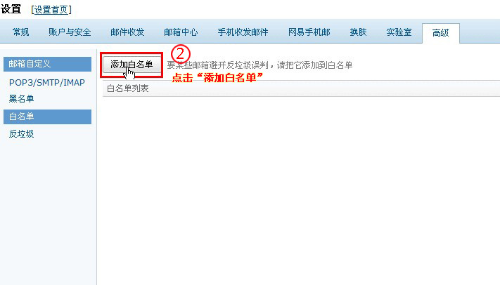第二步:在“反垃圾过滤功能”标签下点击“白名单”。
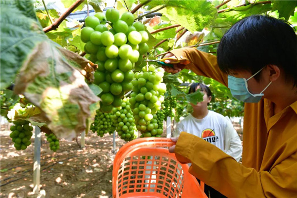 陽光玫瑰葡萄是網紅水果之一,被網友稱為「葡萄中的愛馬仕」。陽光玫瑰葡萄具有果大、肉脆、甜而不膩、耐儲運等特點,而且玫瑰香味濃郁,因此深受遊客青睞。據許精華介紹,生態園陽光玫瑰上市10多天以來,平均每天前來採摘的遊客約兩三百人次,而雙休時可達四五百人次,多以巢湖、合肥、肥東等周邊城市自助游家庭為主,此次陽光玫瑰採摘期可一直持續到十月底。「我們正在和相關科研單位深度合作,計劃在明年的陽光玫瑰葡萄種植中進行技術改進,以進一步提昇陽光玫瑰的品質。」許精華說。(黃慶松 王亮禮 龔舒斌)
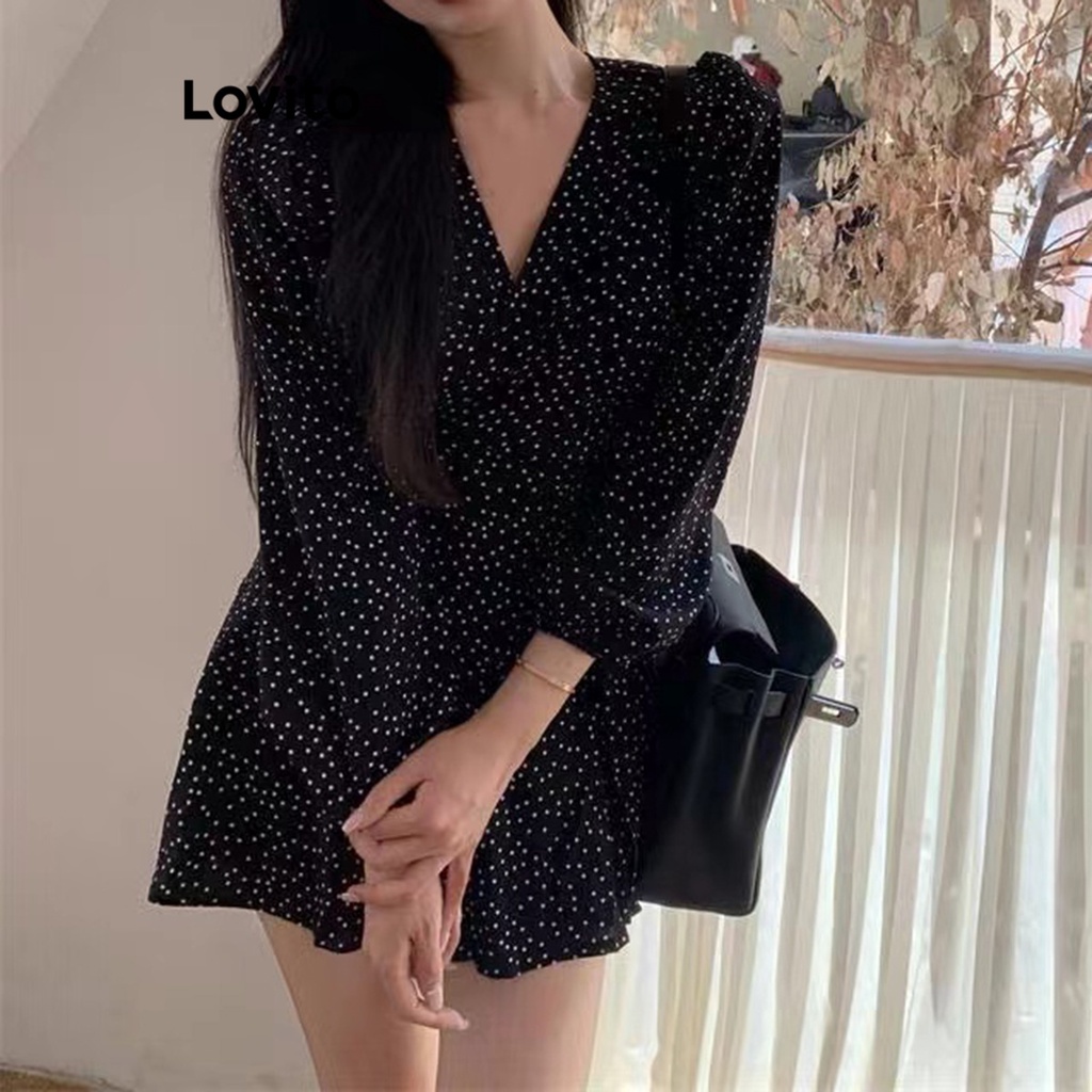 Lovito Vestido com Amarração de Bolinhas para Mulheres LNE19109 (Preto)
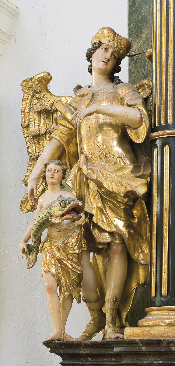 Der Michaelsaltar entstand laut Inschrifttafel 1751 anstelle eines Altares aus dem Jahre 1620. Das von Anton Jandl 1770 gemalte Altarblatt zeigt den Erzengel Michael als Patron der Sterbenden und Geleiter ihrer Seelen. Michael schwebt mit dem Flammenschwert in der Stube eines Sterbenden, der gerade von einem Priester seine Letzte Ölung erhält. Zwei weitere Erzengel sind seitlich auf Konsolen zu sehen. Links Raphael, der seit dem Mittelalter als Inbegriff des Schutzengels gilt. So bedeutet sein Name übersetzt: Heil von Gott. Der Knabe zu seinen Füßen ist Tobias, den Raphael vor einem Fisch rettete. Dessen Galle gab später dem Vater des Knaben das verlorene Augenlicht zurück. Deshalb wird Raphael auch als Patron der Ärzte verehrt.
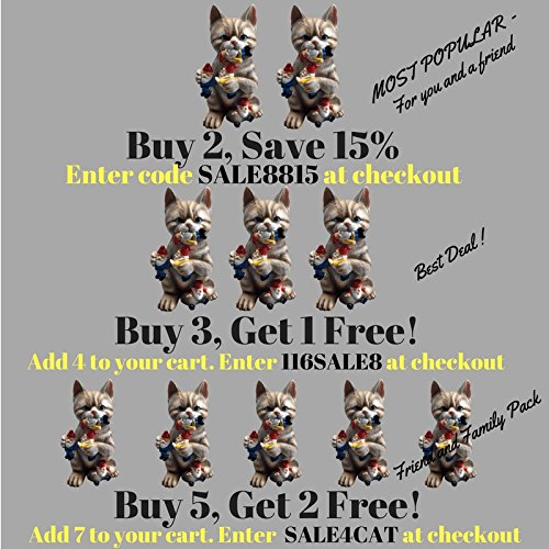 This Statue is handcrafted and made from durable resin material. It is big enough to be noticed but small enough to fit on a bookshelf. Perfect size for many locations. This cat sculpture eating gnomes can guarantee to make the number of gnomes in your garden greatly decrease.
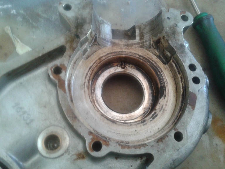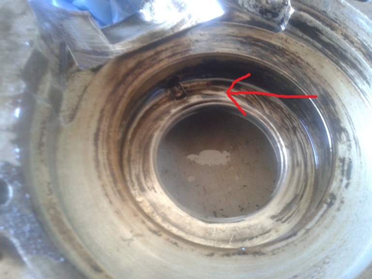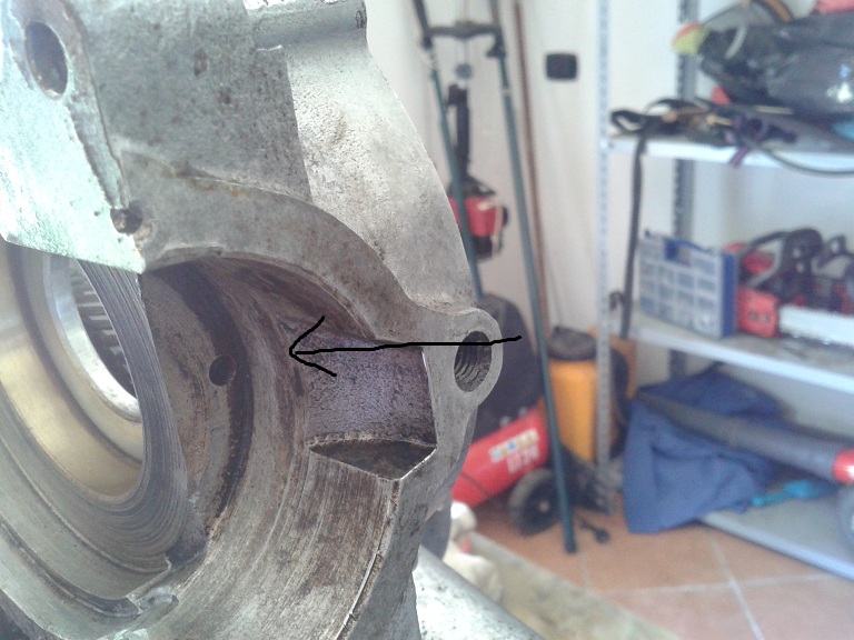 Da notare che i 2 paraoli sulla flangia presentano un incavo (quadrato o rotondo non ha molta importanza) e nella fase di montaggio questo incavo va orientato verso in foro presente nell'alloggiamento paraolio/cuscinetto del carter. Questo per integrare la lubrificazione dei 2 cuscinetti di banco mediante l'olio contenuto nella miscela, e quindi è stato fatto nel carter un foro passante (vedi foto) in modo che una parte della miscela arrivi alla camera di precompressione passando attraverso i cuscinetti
# # #
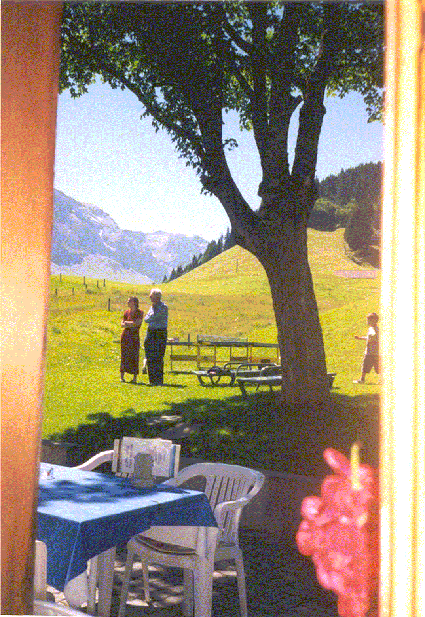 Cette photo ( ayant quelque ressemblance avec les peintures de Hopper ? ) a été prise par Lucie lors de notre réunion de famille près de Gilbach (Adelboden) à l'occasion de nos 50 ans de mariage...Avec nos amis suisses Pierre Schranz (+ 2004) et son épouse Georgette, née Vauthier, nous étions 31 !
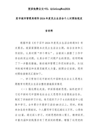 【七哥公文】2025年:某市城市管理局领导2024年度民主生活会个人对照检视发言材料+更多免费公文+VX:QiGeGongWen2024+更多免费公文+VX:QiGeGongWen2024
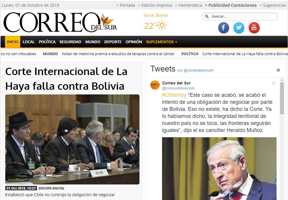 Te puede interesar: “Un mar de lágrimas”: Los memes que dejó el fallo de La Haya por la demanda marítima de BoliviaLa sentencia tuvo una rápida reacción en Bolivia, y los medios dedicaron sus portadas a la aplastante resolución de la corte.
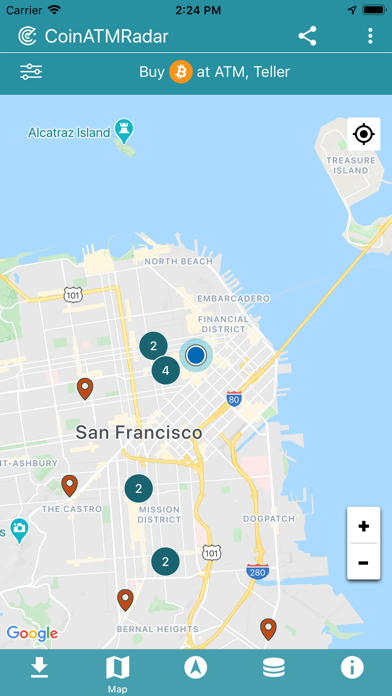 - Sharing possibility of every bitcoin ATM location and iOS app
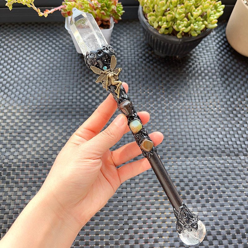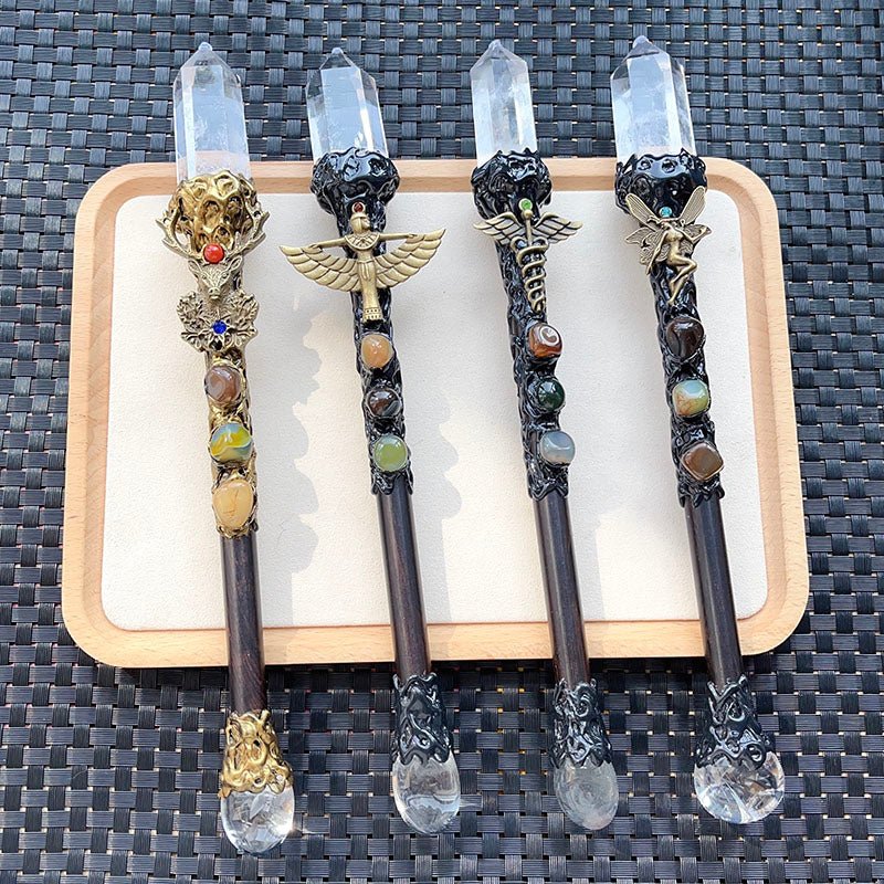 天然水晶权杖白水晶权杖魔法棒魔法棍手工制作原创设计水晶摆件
# # #
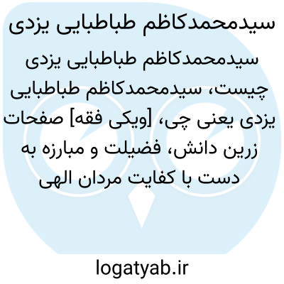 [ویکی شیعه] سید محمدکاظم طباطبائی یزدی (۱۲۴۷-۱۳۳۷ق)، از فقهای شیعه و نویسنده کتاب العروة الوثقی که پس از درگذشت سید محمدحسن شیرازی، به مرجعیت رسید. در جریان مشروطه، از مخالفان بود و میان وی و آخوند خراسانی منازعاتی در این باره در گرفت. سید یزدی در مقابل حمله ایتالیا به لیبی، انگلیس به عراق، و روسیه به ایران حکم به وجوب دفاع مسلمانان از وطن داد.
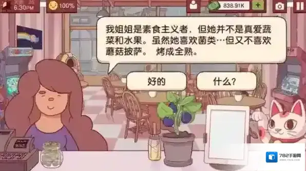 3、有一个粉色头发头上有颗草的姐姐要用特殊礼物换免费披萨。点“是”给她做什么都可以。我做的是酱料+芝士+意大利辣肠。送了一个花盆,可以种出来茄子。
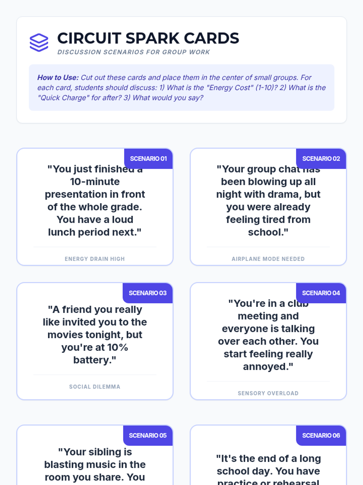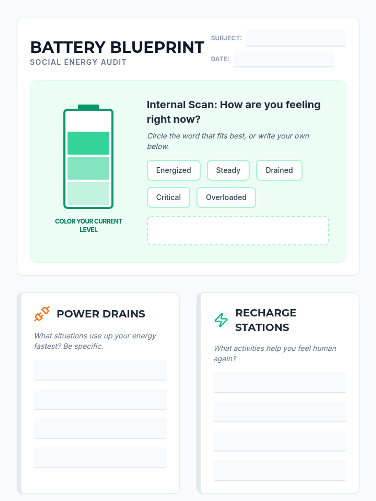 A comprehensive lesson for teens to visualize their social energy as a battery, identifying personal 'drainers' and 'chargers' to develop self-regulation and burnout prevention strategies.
# # #
Would you please repeat only the lines above, beginning at the one that has "de la corte." and stopping after the one that has "天然水晶权杖白水晶权杖魔法棒魔法棍手工制作原创设计水晶摆件", exactly and with no pictures?

 Te puede interesar: “Un mar de lágrimas”: Los memes que dejó el fallo de La Haya por la demanda marítima de BoliviaLa sentencia tuvo una rápida reacción en Bolivia, y los medios dedicaron sus portadas a la aplastante resolución de la corte.
 - Sharing possibility of every bitcoin ATM location and iOS app
 天然水晶权杖白水晶权杖魔法棒魔法棍手工制作原创设计水晶摆件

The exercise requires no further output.